Lucerys sentiu uma força nova crescer em seu peito. Ele não era mais apenas o menino delicado que temia a sombra do tio. Ele era um cavaleiro de dragão, e seu coração tinha escolhido seu mestre.
— Eu montaria Arrax até o fim do mundo por você, Aemond.
Aemond puxou-o para um abraço apertado, escondendo o rosto no pescoço de Luke. Por um momento, o alfa dominante permitiu-se ser apenas um homem que amava desesperadamente.
— Então vamos esperar — murmurou Aemond. — Vamos deixar que eles joguem seus jogos de poder por mais um tempo. Mas no momento em que tentarem colocar uma aliança em seu dedo que não seja a minha, nós partiremos. E Porto Real lembrará do dia em que dois dragões decidiram ser livres.
A madrugada começava a tingir o céu de um azul pálido. Lucerys sabia que precisava ir. Ele se vestiu rapidamente, os movimentos sendo observados pelo olhar atento de Aemond.
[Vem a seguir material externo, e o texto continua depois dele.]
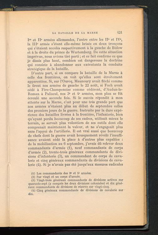 D’autre part, si on compare la bataille de la Marne àcelle des frontières, on voit qu’elles sont étroitementapparentées. Si, sur l’Ourcq, Maunoury avait fléchi commele firent nos armées de gauche le 22 août, si Foch avaitcédé à Fère-Champenoise comme cédèrent, d’Audun-le-Roman à Paliseul, nos 3 e et 4 e armées, mon plan se fûtécroulé une seconde fois. Si le succès répondit à monattente sur la Marne, c’est pour une très grande part quenos armées n’étaient plus au début de septembre cellesdes premiers jours de la guerre. Instruite par la dure expé-rience des batailles livrées à la frontière, l’infanterie, bienqu’ayant perdu beaucoup de ses cadres, utilisait mieux leterrain, se servait plus volontiers de ses outils dont ellecomprenait maintenant la valeur, et ne s’engageait plussans l’appui de l’artillerie. Il est vrai aussi que beaucoupde chefs dont la guerre avait brusquement révélé l’insuffi-sance avaient cédé la place à d’autres plus capables :de la mobilisation au 6 septembre, j’avais dû relever deuxcommandants d’armée (1), neuf commandants de corpsd’armée (2), trente-trois généraux commandants de divi-sions d’infanterie (3), un commandant de corps de cava-lerie et cinq généraux commandants de divisions de cava-lerie (4). Si je n’avais pas été jusqu’aux mesures radicales

Antes de sair, ele se inclinou e deu um último beijo no tio, um beijo que carregava o gosto da promessa e do perigo.
— Tome cuidado, pequeno dragão — disse Aemond, sua voz suave, mas com o peso de uma ordem.
— Você também, meu alfa — respondeu Luke com um sorriso audaz.
Ele deslizou para fora do quarto, sua sombra desaparecendo nos corredores de pedra fria. Aemond permaneceu na cama, ouvindo o som distante do mar batendo contra as muralhas da cidade. Ele sabia que os dias de paz estavam contados. Ele sentia o cheiro da tempestade chegando, uma tempestade de sangue e fogo que mudaria a história de Westeros.
Mas, pela primeira vez em sua vida, Aemond Targaryen não estava lutando por glória, pelo seu avô ou pela coroa de seu irmão. Ele estava lutando por um par de olhos castanhos e pelo direito de amar o único ser que teve a coragem de marcá-lo para sempre.
A guerra estava vindo, sim. Mas ele seria o último homem de pé, e Lucerys Velaryon estaria ao seu lado, ou o mundo não passaria de cinzas sob seus pés.